Nine clinical trials that collectively enrolled 8,906 patients undergoing noncardiac surgery.

INTERVENTIONS

A comparison of continuation versus discontinuation of RASIs preoperatively in patients undergoing noncardiac surgery.

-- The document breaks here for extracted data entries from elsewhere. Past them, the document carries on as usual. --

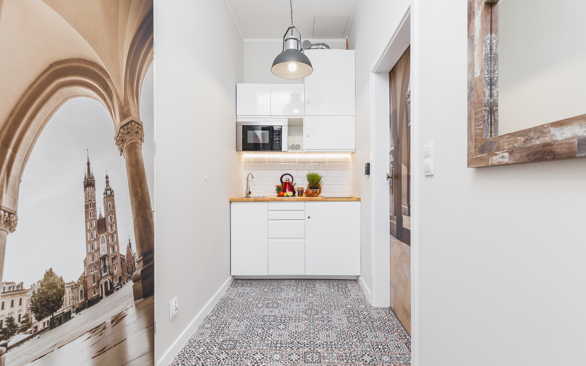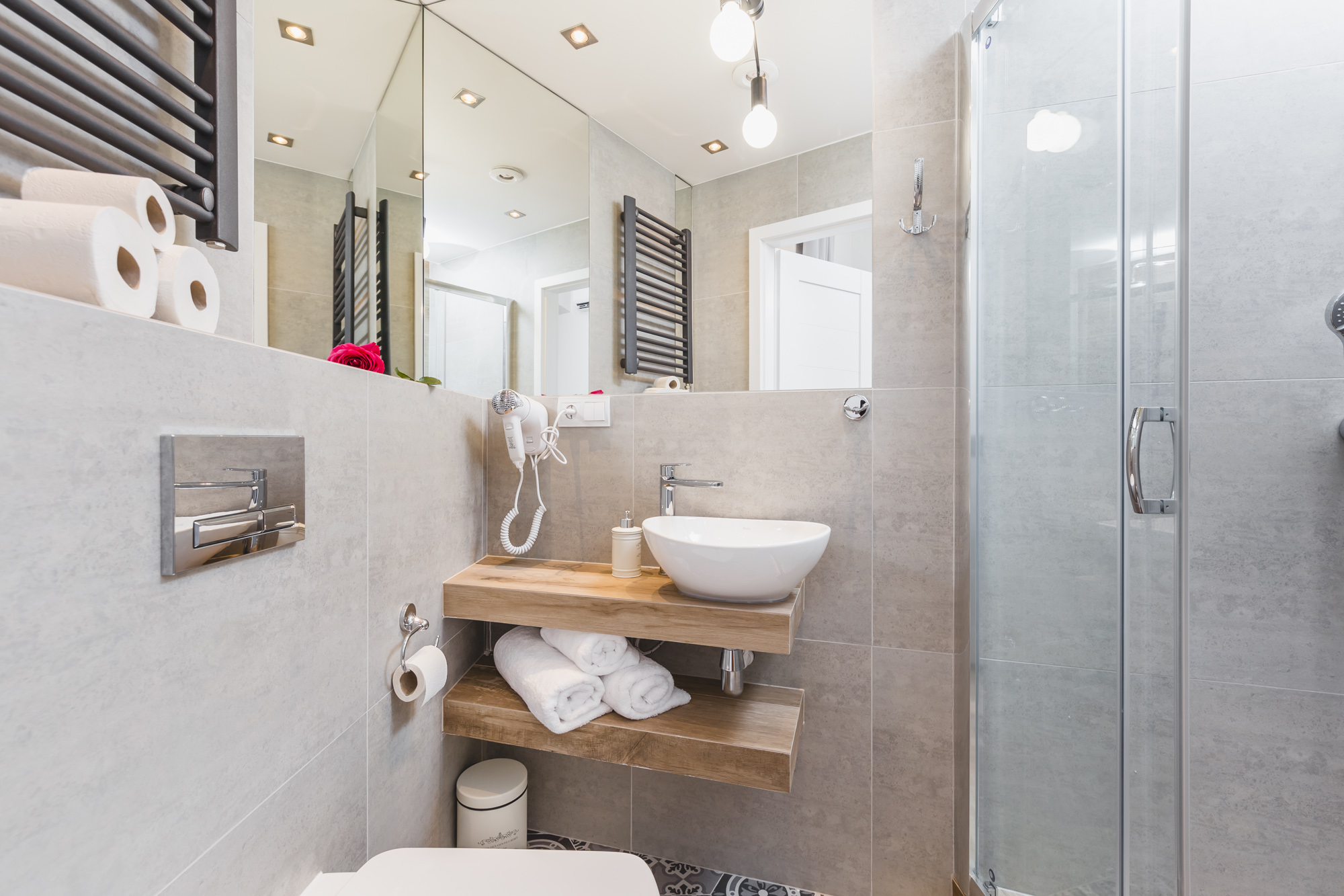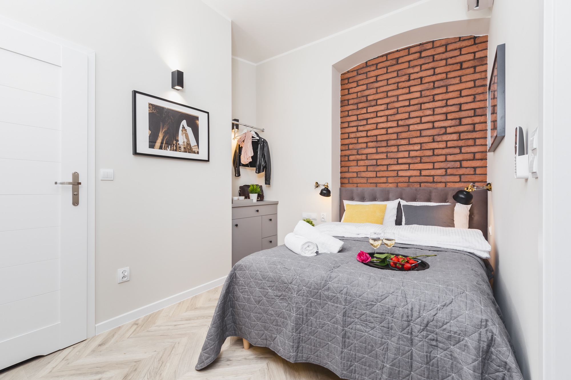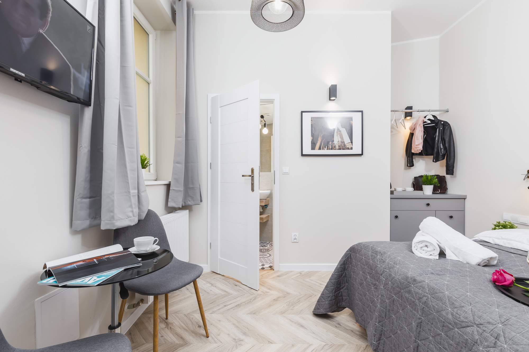 Przytulny, klimatyzowany apartament 12m² w doskonałej lokalizacji. Wyposażony jest w dwuosobowe łóżko, komodę, stolik z krzesłami, TV, Wi-Fi, lodówkę, czajnik, pościel i ręczniki, suszarkę do włosów oraz mydło. W skład apartamentu wchodzi również prywatna łazienka z prysznicem. W korytarzu dostępny jest dobrze wyposażony, wspólny (z apartamentem nr 2) aneks kuchenny. Do dyspozycji gości jest też żelazko i deska do prasowania. Widok z okna wychodzi na klatkę schodową.
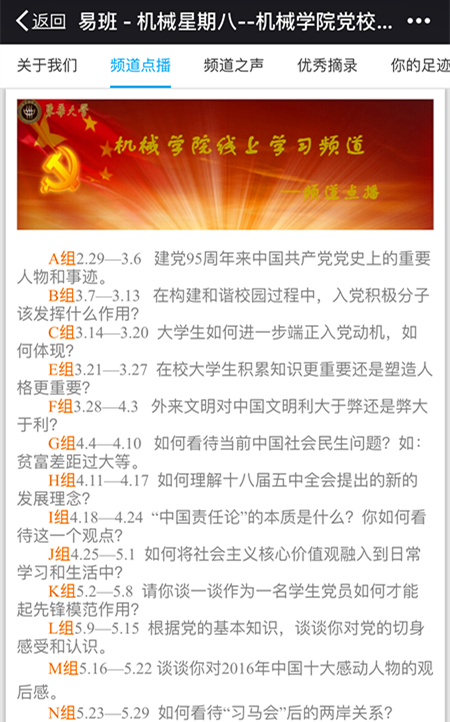 为了增强广大入党积极分子和发展对象的政治意识、大局意识、核心意识和看齐意识,促进“两学一做”落实,从而提升党性修养和思想觉悟,机械公司党校自20162月以来,在公司入党积极分子培训班和发展对象培训班中积极开展“易班”线上话题讨论交流活动,利用校园自媒体平台“易班”轻应用,开辟“机械星期八”线上学习频道,鼓励学员们踊跃发言讨论,加深对党的理论知识的认识和见解。
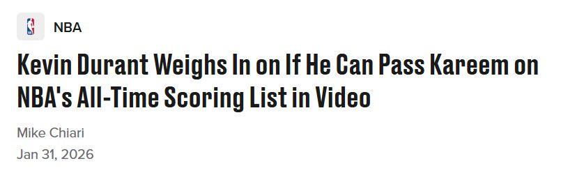 思要极端詹姆斯42821分的历史总得分记载,看起来并不执行,但杜兰特与贾巴尔38387分的记载之间的差距,处于更具可行性的追逐范畴内。
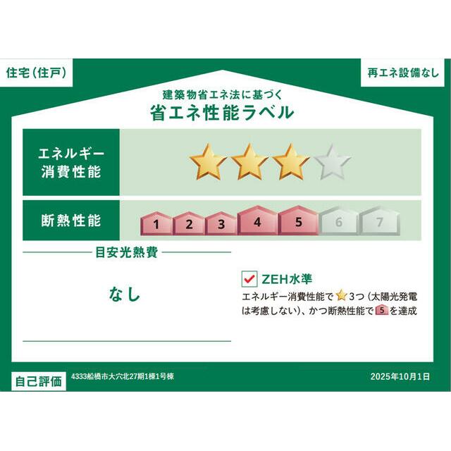| エネルギー消費性能 | ★★★(削減率20%達成) | 断熱性能 | 5段階/7段階中 |
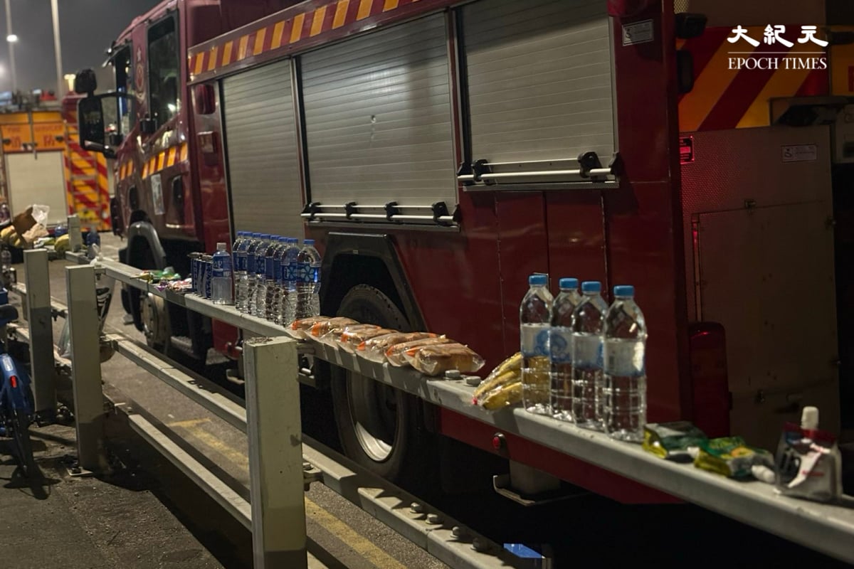 由港鐵大埔墟站至在災場旁邊的廣福邨路上,昨(28日)晚9時許已堆滿物資。不少市民步行或踩單車魚貫而入,部分也帶同物資,在物資站外等候捐贈或分發,沿路有義載的私家車、的士、貨車停泊。
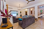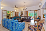 Living Room – Amalia has a huge living room. Mint and cream colored sofas, turquoise rugs, wrought-iron chandeliers, coral motifs, and elegant mirrors decorate this space. Objects of art everywhere. High ceiling allows wind and sun to flow easily. The room opens to a shaded porch with a seating area, overlooking the swimming pool, lawn, and the Caribbean Sea.
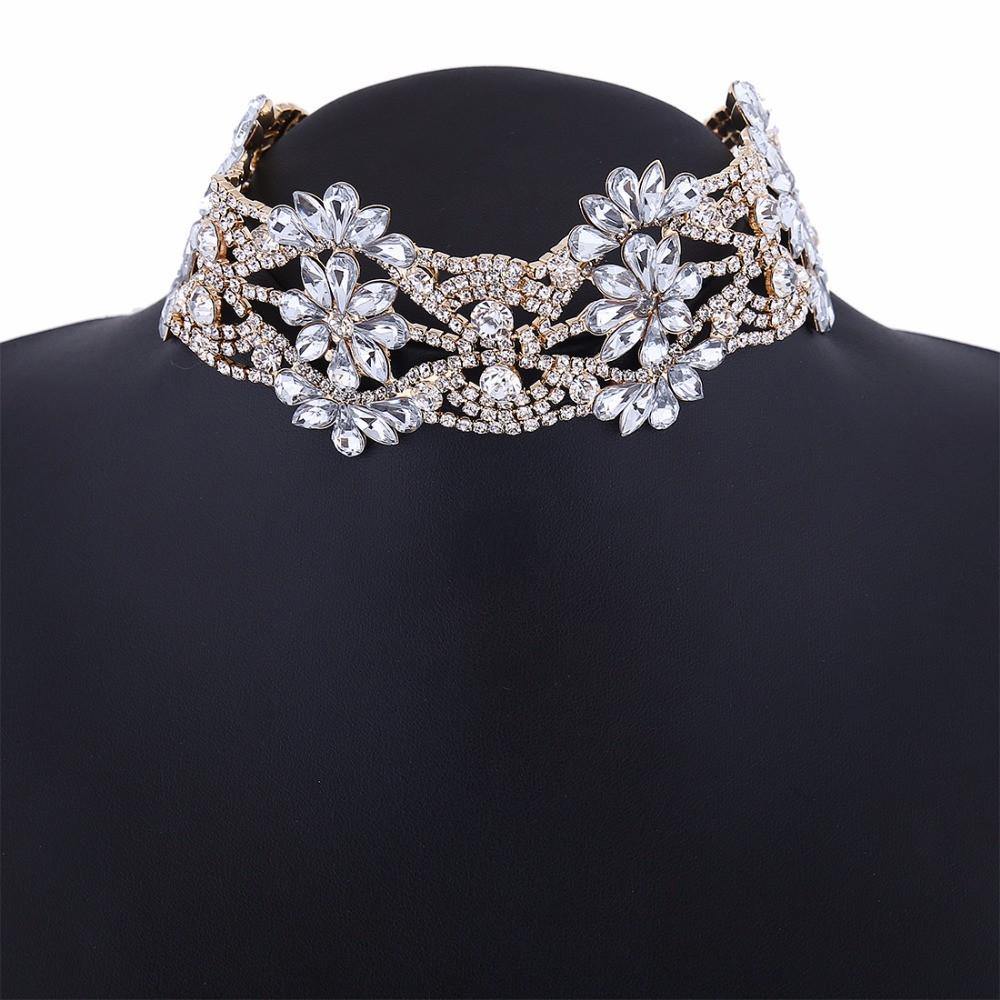 Vintage Big Crystal Flowers Collar Choker Necklace
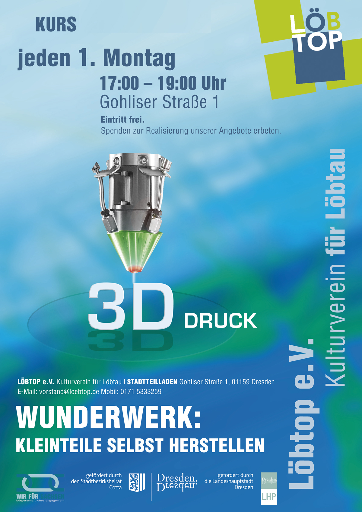 Mit 3D-Druck naht unter kundiger Hand eventuell Rettung. Neu konstruiert am PC oder das defekte Teil ausgemessen und mittels Software nachgebaut – den Rest erledigt eine kleine Düse, die das 300 Grad heiße Material in Form spritzt. All das direkt nun auch bei uns im Stadtteilladen. Zwei Termine haben wir als Test geplant. Maschine, Computer, Material und Kenntnis bringt der Fachmann mit.

MEASUREMENTS AND MAIN RESULTS

The primary outcomes were intraoperative hypotension, major adverse cardiovascular events (MACE), and all-cause mortality. Secondary outcomes included acute kidney injury (AKI) and postoperative hypertension. Patients who discontinued RASIs had a significantly lower incidence of intraoperative hypotension (risk ratio [RR], 0.66; 95% confidence interval [CI], 0.52-0.84) compared to those who continued treatment. No significant differences were observed in all-cause mortality (RR, 0.85; 95% CI, 0.40-1.85), MACE (RR, 1.01; 95% CI, 0.87-1.17), AKI (RR, 0.98; 95% CI, 0.79-1.22), and postoperative hypertension (RR, 1.57; 95% CI, 0.92-2.68).

CONCLUSIONS

Continuation of RASIs significantly increased the risk of intraoperative hypotension compared to discontinuation of treatment. Overall, no significant differences were observed in all-cause mortality, MACE, AKI, or postoperative hypertension between patients who continued or discontinued RASIs preoperatively.

摘要

目的

非心脏手术前肾素-血管紧张素系统抑制剂(RASIs)的最佳管理仍不明确。继续使用RASIs可能会增加术中低血压的风险,而停药则有术后高血压和心力衰竭的风险。当前指南建议在手术前24小时停用RASI,但证据有限。这项随机对照试验的荟萃分析旨在阐明在这种情况下继续使用与停用RASIs的风险和益处。

设计

对随机临床试验(RCTs)进行系统评价和荟萃分析。

设置

从数据库建立至2024年8月在PubMed、Scopus和Cochrane中进行全面的电子检索。

参与者

9项临床试验,共纳入8906例接受非心脏手术的患者。

干预措施

对接受非心脏手术的患者术前继续使用与停用RASIs进行比较。

测量指标和主要结果

主要结局为术中低血压、主要不良心血管事件(MACE)和全因死亡率。次要结局包括急性肾损伤(AKI)和术后高血压。与继续治疗的患者相比,停用RASIs的患者术中低血压发生率显著降低(风险比[RR],0.66;95%置信区间[CI],0.52-0.84)。在全因死亡率(RR,0.85;95%CI,0.40-1.85)、MACE(RR,1.01;95%CI,0.87-1.17)、AKI(RR,0.98;95%CI,0.79-1.22)和术后高血压(RR,1.57;95%CI,0.92-2.68)方面未观察到显著差异。

结论

与停药相比,继续使用RASIs显著增加了术中低血压的风险。总体而言,术前继续或停用RASIs的患者在全因死亡率、MACE、AKI或术后高血压方面未观察到显著差异。